I wonder if he knew that the Cherokee Freedmen who where slaves at the time also walked the Trail?
The Black Cherokee who where made Cherokee Citizens after the Civil War are still facing problems.
Chad 2wife Smith called for their removal from the CNO Inc. and told them they could not Vote anymore in the CNO.
I find this hard to believe that Chad 2wife would do this.
Seems to me he upset many in the Old Cherokee Nation.
His Band the CNO Inc was started in 1975 but the 1839 Cherokee made them members.
Now we see that Chad has spent Millions to fight them and their right to Vote.
He also has been wasting Cherokee Federal Funds by playing the Stock market buying worthless stock in Global Energy Group which lost Multi Millions of Federal Feunds meant to hire Cherokees.
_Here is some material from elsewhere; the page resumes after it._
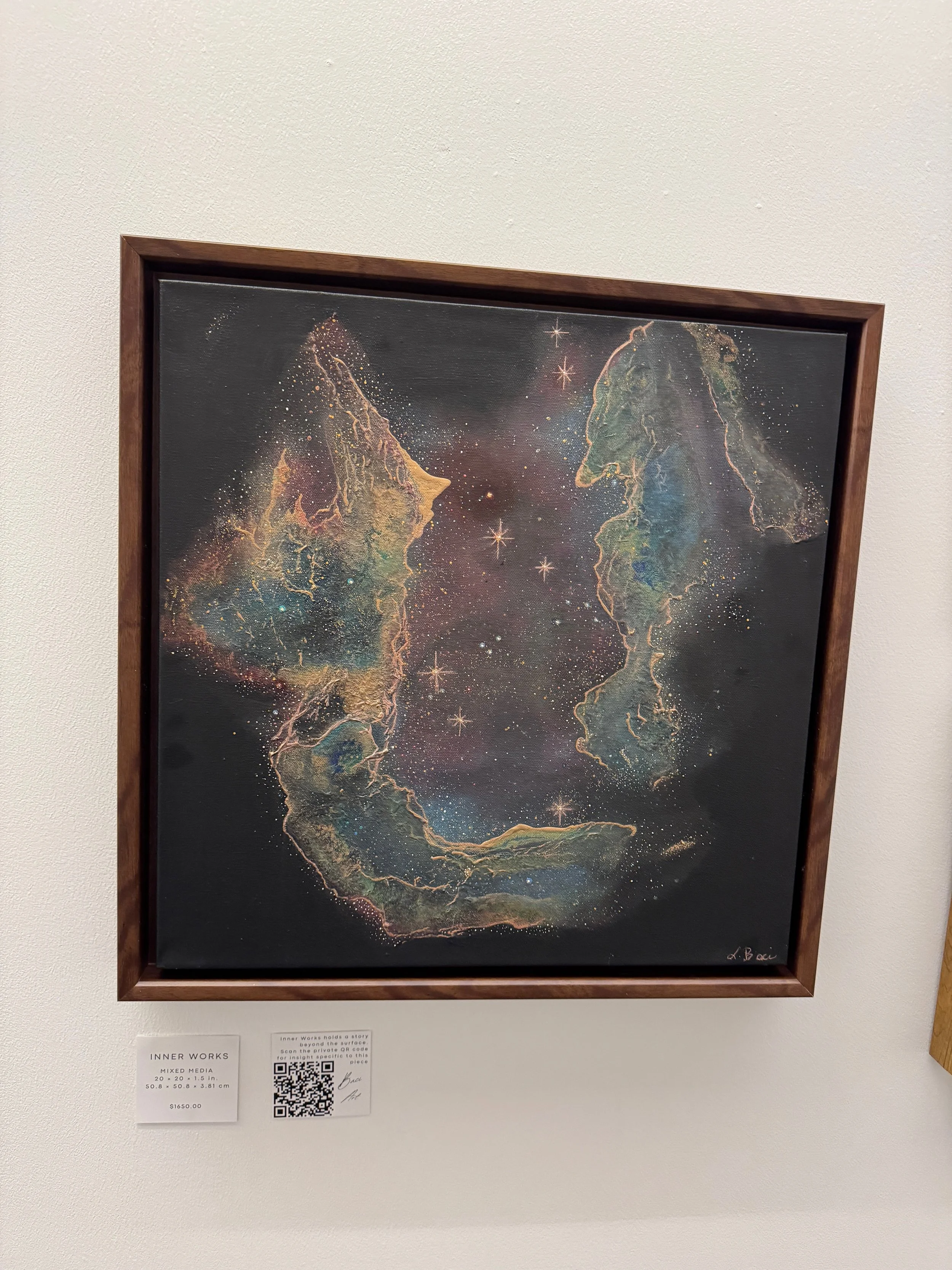 Following a journey to witness the 2023 solar eclipse, Lori experienced a profound sense of connection to something larger than herself. From that moment on, her work shifted exclusively toward painting the night sky. Using NASA imagery as a foundation, she creates pieces that speak to our origins, the human experience, and the universal connection we all share.

These Federal Grants he uses to by up Company's everywhere except where A Cherokee can get A Job the last one in Colorado A IT company from Koera ?
His site the Cherokee Nation of Oklahoma has been shortned to Cherokee Nation.
Go there and try to watch A Council Meeting and you will find you can not even do that as he has shut off the News in the Cherokee Nation of Oklahoma because of the FBI and SEC Investigation of his misuse of Federal Funds.